In the years after Mexico won its independence from Spain in 1821, thousands of American settlers crossed into Texas to start new lives. Among those was Haden Edwards, who became an important early empresario and sought to make a fortune in the new land. Instead, he would find disaster in one of the earliest battles between Mexico and Texas settlers.
Haden Edwards was born in Virginia in 1771. His father, Jonathan Edwards, moved the family to Kentucky in 1780 where he quickly became a wealthy landowner and a prominent citizen, eventually becoming a U. S. Senator.
Inspired by his father’s success in real estate, the younger Edwards became determined to make a fortune himself. In 1820, he made his way down to Mississippi with his younger brother Benjamin and acquired a large plantation.
Not long afterward, he heard about Spain’s attempts to populate its northern frontier territories in Texas by inviting in American settlers. When Mexico won independence in 1821, it pursued the same policies. Edwards teamed up with Stephen F. Austin and others to gain large land grants that they could subdivide. In 1823, Mexico agreed to make Austin and Edwards empresarios. After negotiating terms of settlement with the government and helping finance Austin’s colonization efforts, Edwards settled in the Nacogdoches area in 1825.
Nacogdoches was already a growing settlement. The community produced the first English-language newspaper in Texas. Edwards’s colony was allowed to bring in 800 families, but there were already a number of land claims in the area dating back decades.
Edwards, however, grew increasingly frustrated in his role. Older land claims in the area clashed with the lands he was trying to sell to colonists while he increasingly antagonistic to Austin over loans and with competing claims from Austin’s colony. As a result, Edwards decided in September that he would have the sole authority to verify land claims. He made an edict stating that if anyone could not verify their claims with a title deed, he would consider the land his and subject to sale. He quickly declared a number of old Spanish titles to be forgeries.
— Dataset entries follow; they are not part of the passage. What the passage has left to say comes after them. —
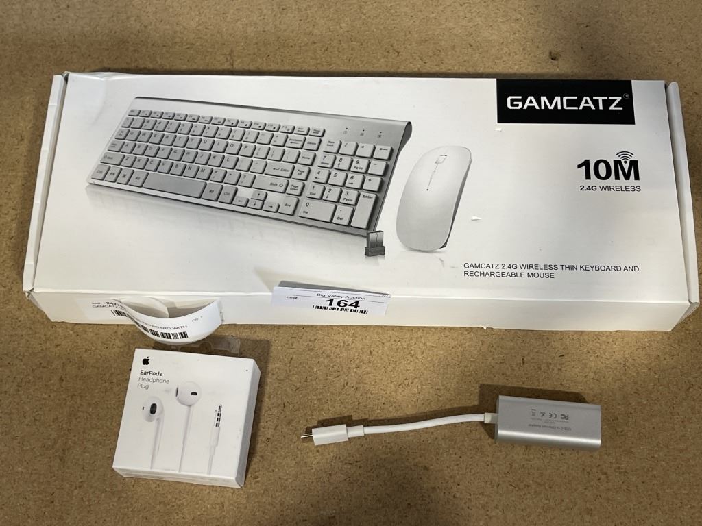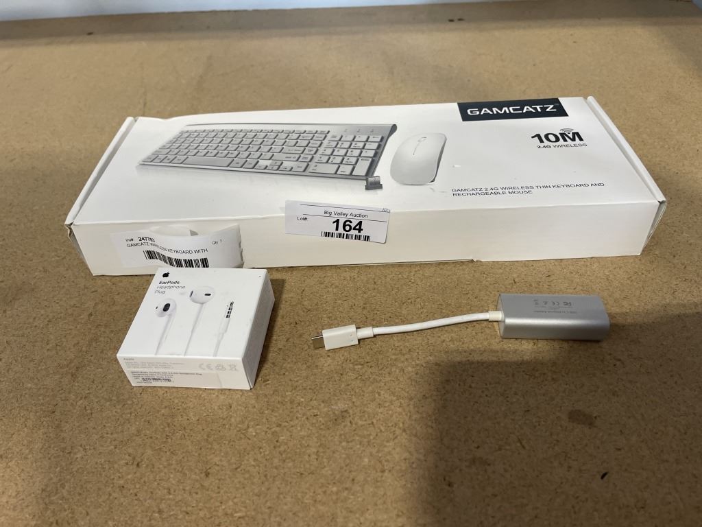 GAMCATZ WIRELESS KEYBOARD WITH APPLE EAR PODS AND ADAPTER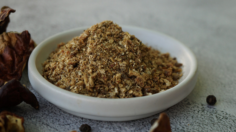 You can make it at home by drying mushrooms in a dehydrator or buy the spice at the store. You might also find blends with chili powder or red pepper for a little extra heat. Mix it with salt if you want to season your burger with both in one step. If you have large pieces of dried mushroom, you may need to grind it into a finer powder to help apply it more evenly across the burger's surface.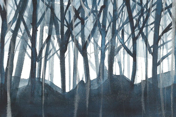 Light Blue Trees, Watercolor Landscape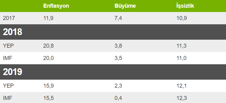 IMF'nin 2019 büyüme tahmini yüzde 0,4 ve enflasyon tahmini yüzde 15,5.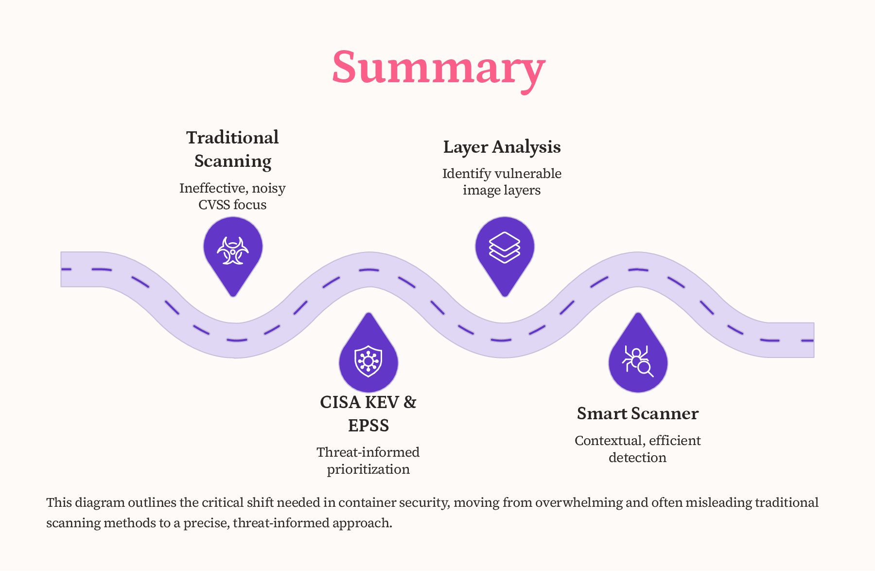 EPSS Threat-informed prioritization Layer Analysis Identify vulnerable image layers Smart Scanner Contextual, efficient detection This diagram outlines the critical shift needed in container security, moving from overwhelming and often misleading traditional scanning methods to a precise, threat-informed approach.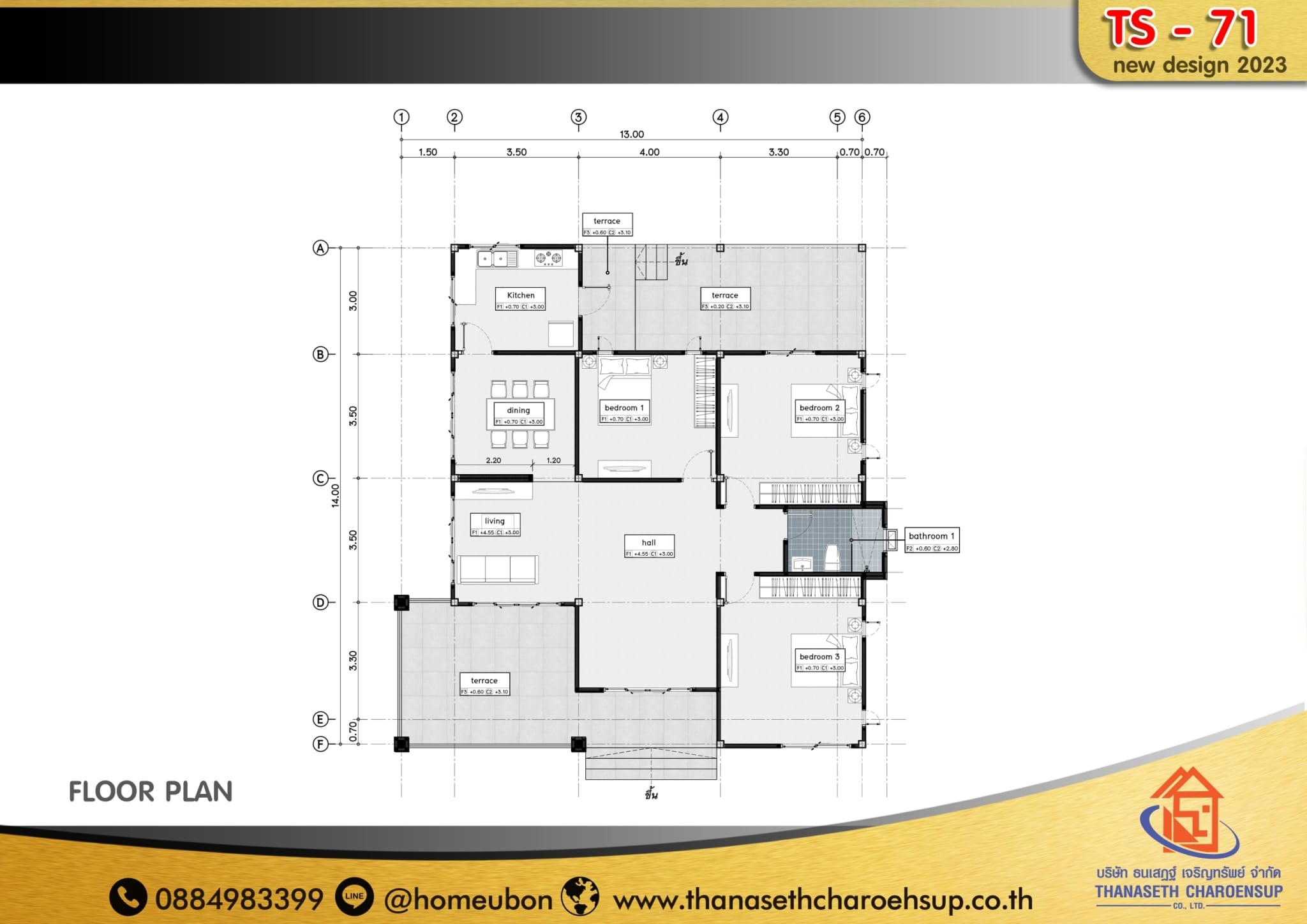 แบบบ้าน TS-71 บริษัท ธนเสฏฐ์ เจริญทรัพย์ จำกัด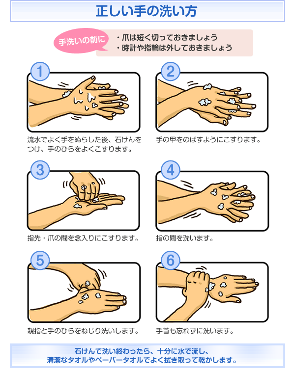 対策としては、主に感染経路を遮断することが有効となります。特に普段いろいろな物に触れている手指においては、充分な洗浄が出来ていないケースも多いので、ウイルスの体内侵入を防ぐためにも正しく手洗いすることを推奨します。以下に、方法を提示したので参考にしてください。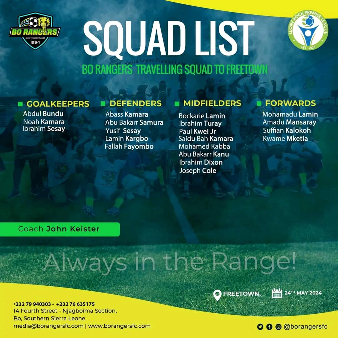 Some player of Bo Rangers were left out of the Keister 20 Man squad Due to injuries, illness, and suspension. The coach reportedly did not have the luxury to select and travel with his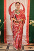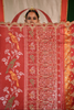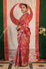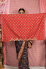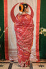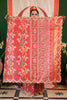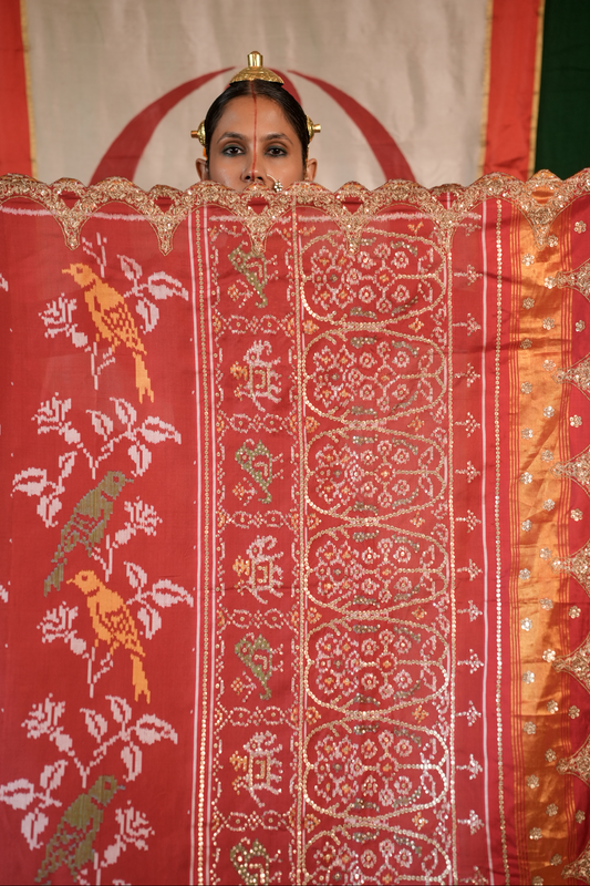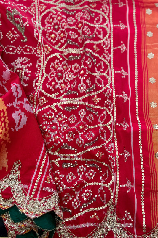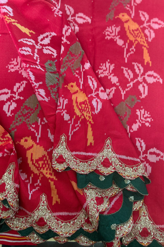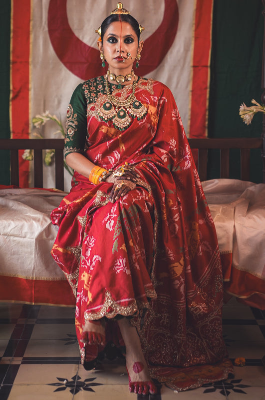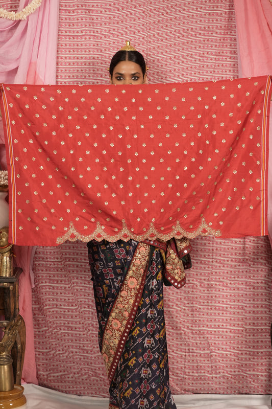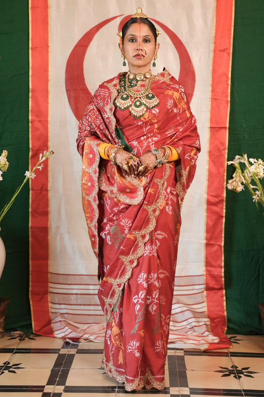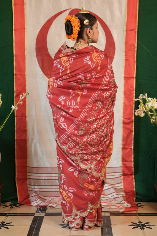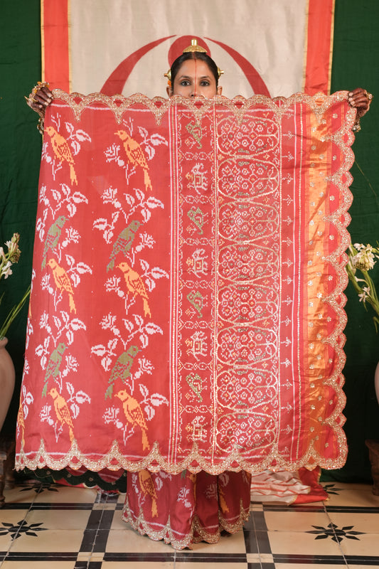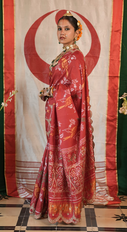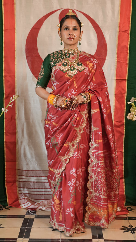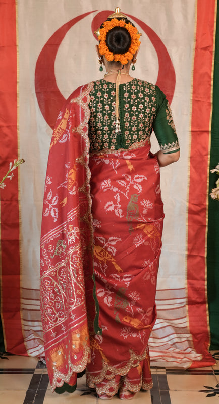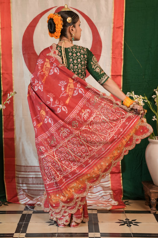 An unique, handwoven, single ikkat patola silk saree which has been hand embroidered with a beautiful scalloped border and pallu. It comes with an embroidered blouse piece as shown.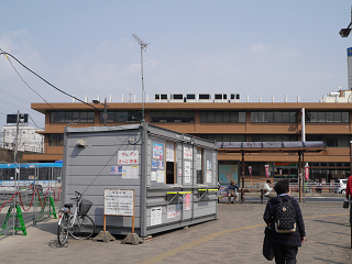 10:57駅前にあるバスのチケット売り場で一日乗車券を買いました。 一時的なものなのか知りませんが何故かプレハブ小屋です。 |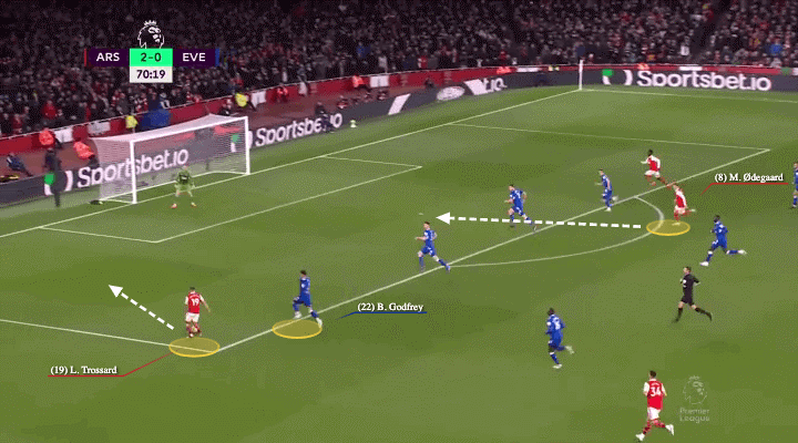 这里我们能看到特罗萨德的另一个闪光点 – 他的速度。他的速度加上他的提前启动在这次进攻当中已经甩掉了戈佛雷,但是最令人激动的是他在全速冲刺的情况下,没有中断步幅,起脚低平球倒三角找到了插上的厄德高。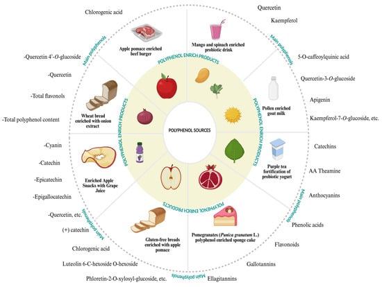 Polyphenols have several health-promoting properties, including anti-aging, anti-inflammatory, and anti-cancer effects [120,121,122]. For these reasons, functional foods and polyphenol-enriched products are manufactured in diets (Table 2) [46,123]. In a study, raspberry polyphenols were added to probiotic dairy products fortified with oat bran, and a functional food was produced for effective diets [123]. Also, this study examined and reported the effect of oat bran and probiotics on polyphenolic ingredients. Antioxidant activity and polyphenols were preserved at the specific storage conditions determined in the study. In another functional food production study, fermented mango (Mangifera indica) and spinach flour (Amaranthus) were used to enrich probiotic drinks in terms of polyphenols [124]. Lactobacillus paracasei was incubated for 60 h in anaerobic conditions at a temperature of 30–32 °C. The polyphenol ingredients of the functional drink were determined by high-performance liquid chromatography. As a result of the study, the anti-diabetic properties, including the ability to improve the lipid profile and stabilize the blood sugar fluctuation in the functional drink, were searched for and determined

This immediately led to a clash with the Mexican government, which demanded Edwards honor the old claims.
Divisions in the community rose quickly.
In October 1826, the Mexican government cancelled Edwards’s empresario grant. Edwards and his brother gathered several supporters and decided to strike back. The situation spiraled out of control, and several Edwards supporters arrested local officials supported by the old settlers.
Edwards decided to strike back against the Mexican government and protect his land and investments. In December, he and a group of 30 supporters seized Nacogdoches and declared the area independent, forming the Republic of Fredonia. He formed an alliance with Cherokee chief Richard Fields, put together a fighting force, and even formed a flag – a red and white banner with “Independence, Freedom and Justice” written across the top.
Lt. Col. Mateo Ahumada gathered a strike force of 110 troops in San Antonio and headed to Nacogdoches. Austin, shocked by the actions of Edwards, decided to help the Mexican government and sent a group of 250 volunteers to assist. When Ahumada’s and Austin’s forces arrived, the Cherokees decided to stay out of the conflict, and Edwards’s followers scattered. The Republic of Fredonia lasted only five weeks.
In response to the rebellion, Mexico briefly suspended all immigration from the United States in 1830. Edwards, however, briefly returned to the area in August 1832 when settlers clashed with Mexican authorities at the Battle of Nacogdoches. Dozens died in the bitter firefight as the Texians crushed the army detachment and took the remaining 250 prisoners to San Antonio.
Edwards again left for a short time and quietly returned to Nacogdoches in 1835 during the Texas Revolution. Now age 64, his influence had diminished, but he remained a vocal critic of Mexican authorities. After the war, he remained in Nacogdoches for the remainder of his days. He died in August 1849 at age 78.
His brother Benjamin eventually moved to Mississippi and would never return. During the Texas Revolution, he attempted to raise money and troops for the Texas cause. He died in 1837 at age 57 while running for governor of Mississippi.
For the Texans basking in their victories over Mexico, the reputation of Haden Edwards only increased in later years. In 1858, Edwards County in West Texas was named for him by the state legislature. The Edwards Plateau, the huge geologic uplift laying to the west of San Antonio and Austin and extending out to the Pecos River, is also named for him.